One of the things that was so prevalent in the locker room last year was the underdog nature of the run. You guys are now favorites to win a division, to make the playoffs. Can you keep an underdog vibe when everyone is pushing you as a favorite?
We'll, we have to, because we haven't won nuthin'. We're the sexy team.
You're talking about Jose Theodore, obviously.
(Laughs) No, no I'm talkin' about those people who say we're an exciting team. If you're in Toronto, and you think you're a reporter that knows everything, who do you want to pick? Do you want to sit there and say, "Well, the Detroit Red Wings are favored to win everything?" Everybody's going to say that's an easy pick. So they're going to pick teams like us. I don't believe they think that, but they pick us for those reasons.
When I walked into the room last year, we were in 30th place, I think, and I talked about winning the Cup. Even though the players thought I was full of [poop], the expectations are the same. We talk about the same stuff this year.

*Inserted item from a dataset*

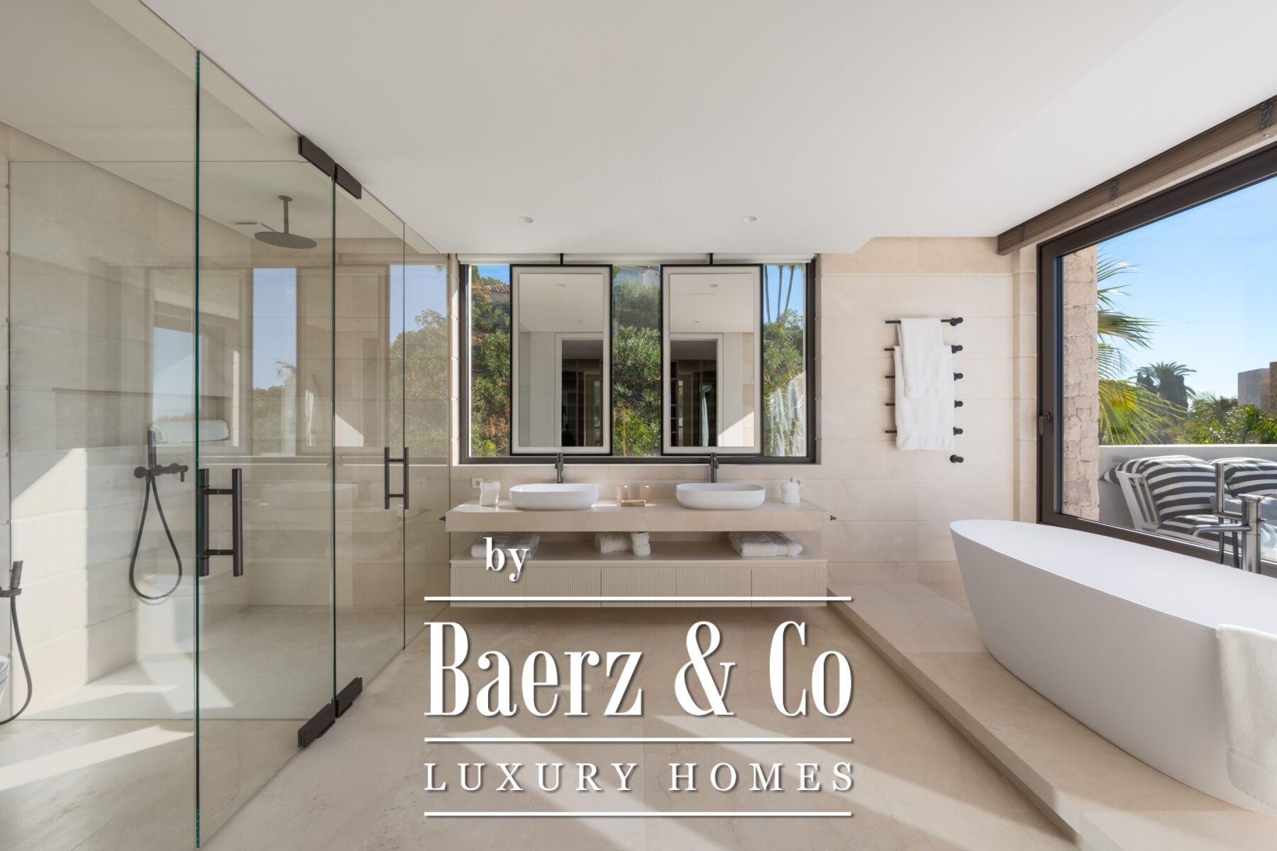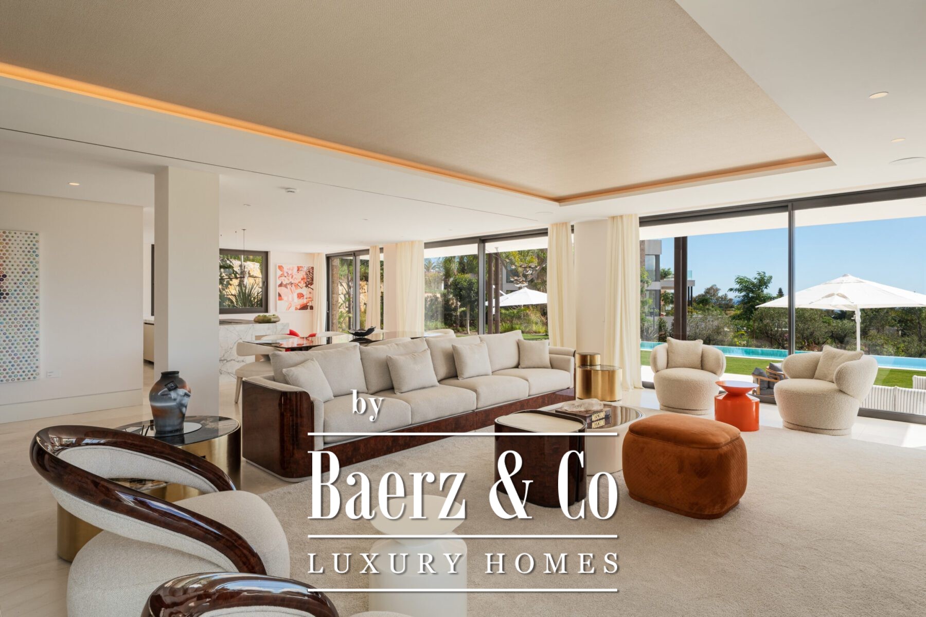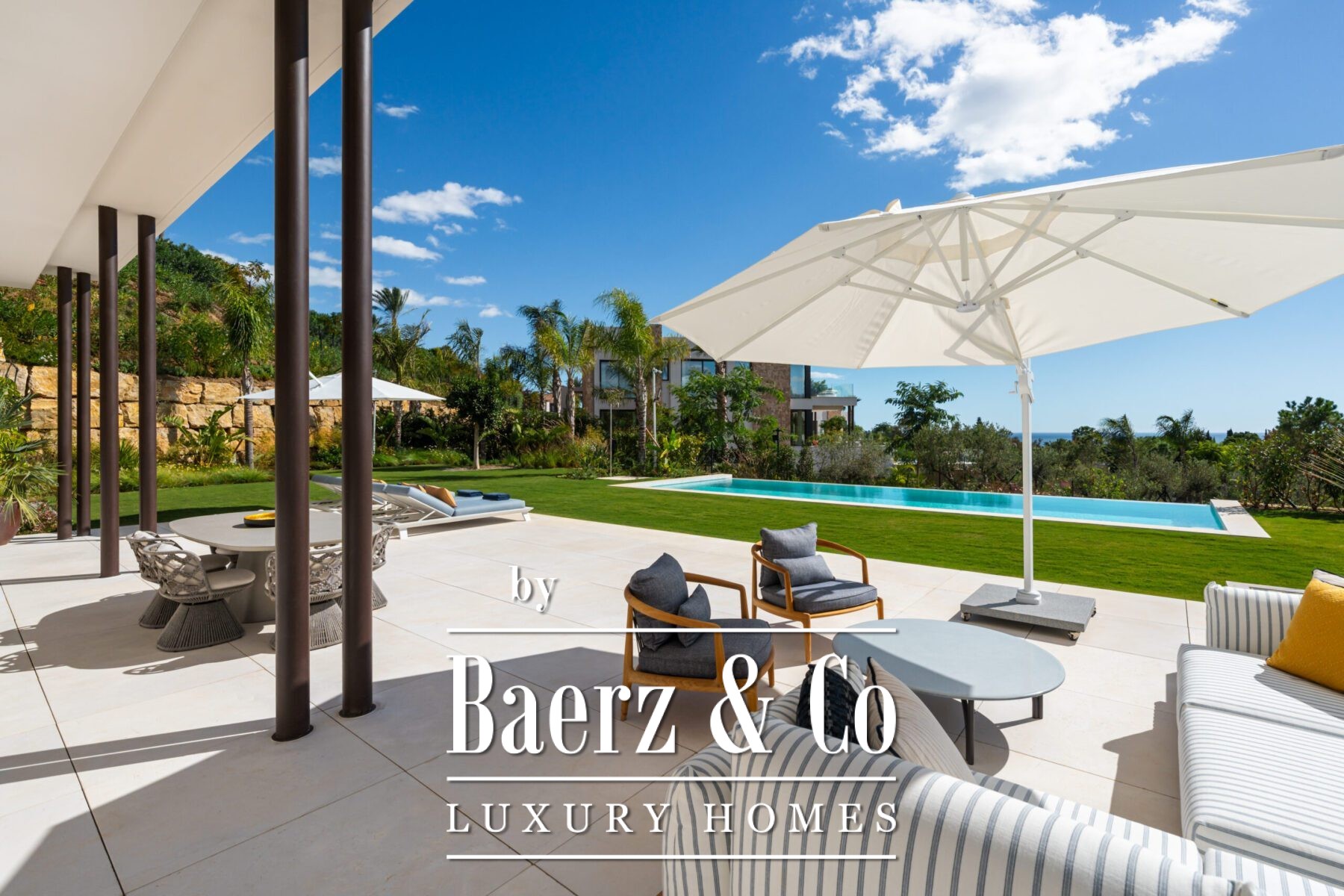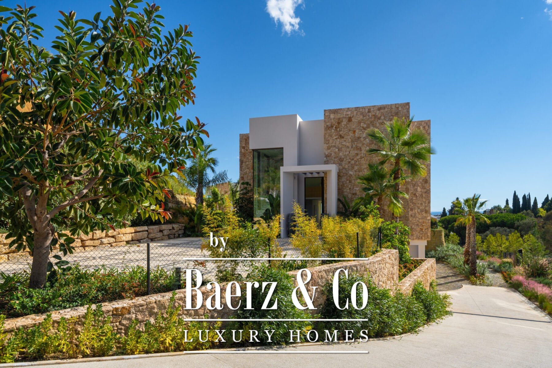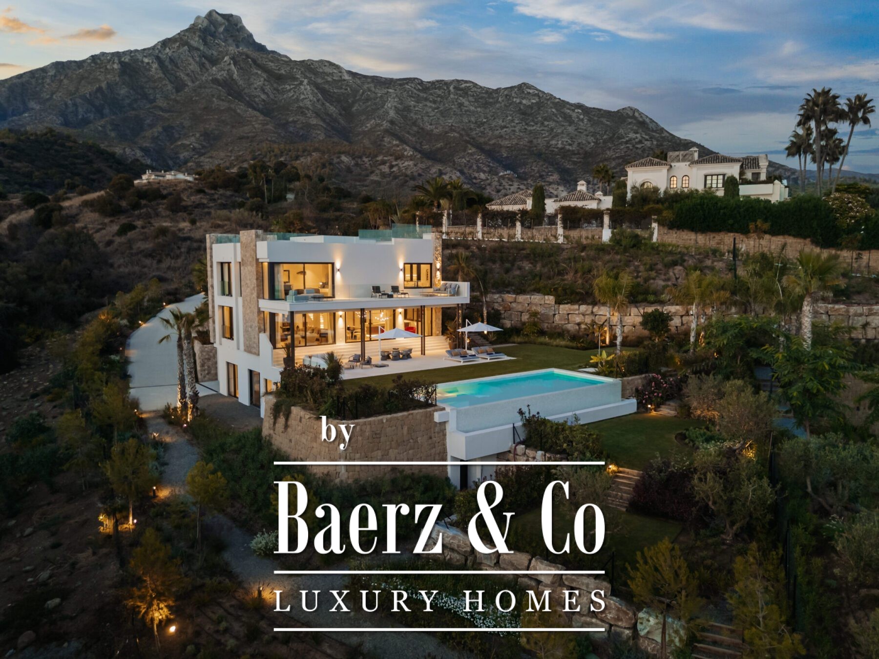 Villa Marbella Hill Club with sea and mountain views is an invitation to refined living on the edge of Marbella's Golden Mile. This newly constructed villa spans 825 m² across a generous 3,559 m² plot, shaping an atmosphere of both composure and quiet opulence. The interiors are tailored to this individual property, with a calm neutral palette and natural materials like wood and marble imparting a harmonious sense of luxury.

But wouldn't you rather be the ugly girl at the dance?
I think that's the easiest way. But if you want to win, it isn't easy. If you think you're good, you have to be able to take this and prove why you're good.
Finally, do you have any thoughts on the passing of Paul Newman? (Ed. Note: For those who don't know, Boudreau was an extra in the classic comedy "Slap Shot.")
I just thought it was sad. I didn't know him well enough, but when I did meet him and you follow his career, there was never a scandal. He was a charitable guy, a love for racing, a love for family. Those guys, especially in Hollywood, are going to be missed.